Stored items
---

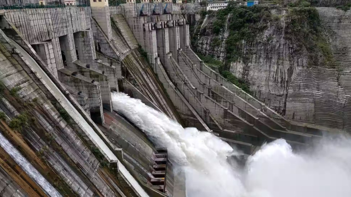 #WATCH | J&K: Latest visuals from Ramban where all gates of Baglihar Hydroelectric Power Project Dam on Chenab River are closed. pic.twitter.com/aqyAQOoMCY
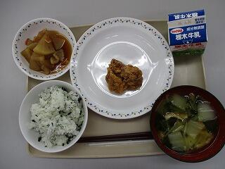 (五目ごはん、牛乳、モロの竜田揚げ、ゆばのすまし汁、県民の日ゼリー)
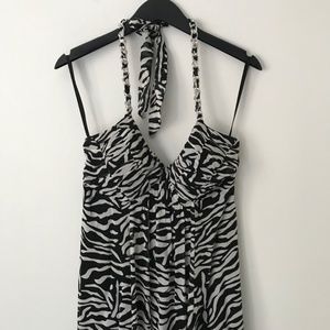 100% Silk Zebra Print A-Line Evening Dress
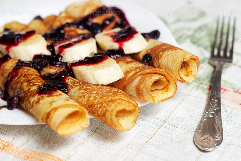 Блины с бананом и вареньем
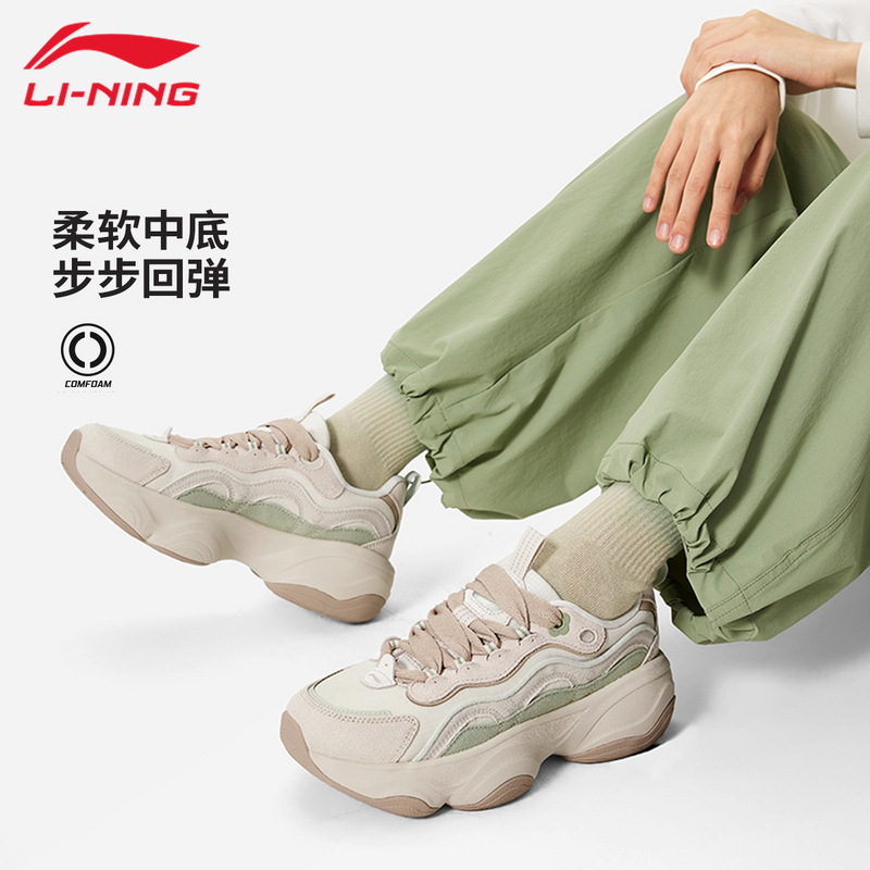 李宁蜜糖V2休闲鞋女款2025春秋新品复古老爹鞋厚底增高学生运动鞋
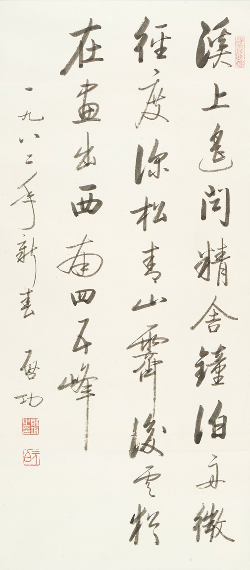 Ink on paper. Running script calligraphy. Signed Qi Gong and with three seals of the artist.

---

Would you print all of the entries exactly, omitting any image?

 #WATCH | J&K: Latest visuals from Ramban where all gates of Baglihar Hydroelectric Power Project Dam on Chenab River are closed. pic.twitter.com/aqyAQOoMCY
 (五目ごはん、牛乳、モロの竜田揚げ、ゆばのすまし汁、県民の日ゼリー)
 100% Silk Zebra Print A-Line Evening Dress
 Блины с бананом и вареньем
 李宁蜜糖V2休闲鞋女款2025春秋新品复古老爹鞋厚底增高学生运动鞋
 Ink on paper. Running script calligraphy. Signed Qi Gong and with three seals of the artist.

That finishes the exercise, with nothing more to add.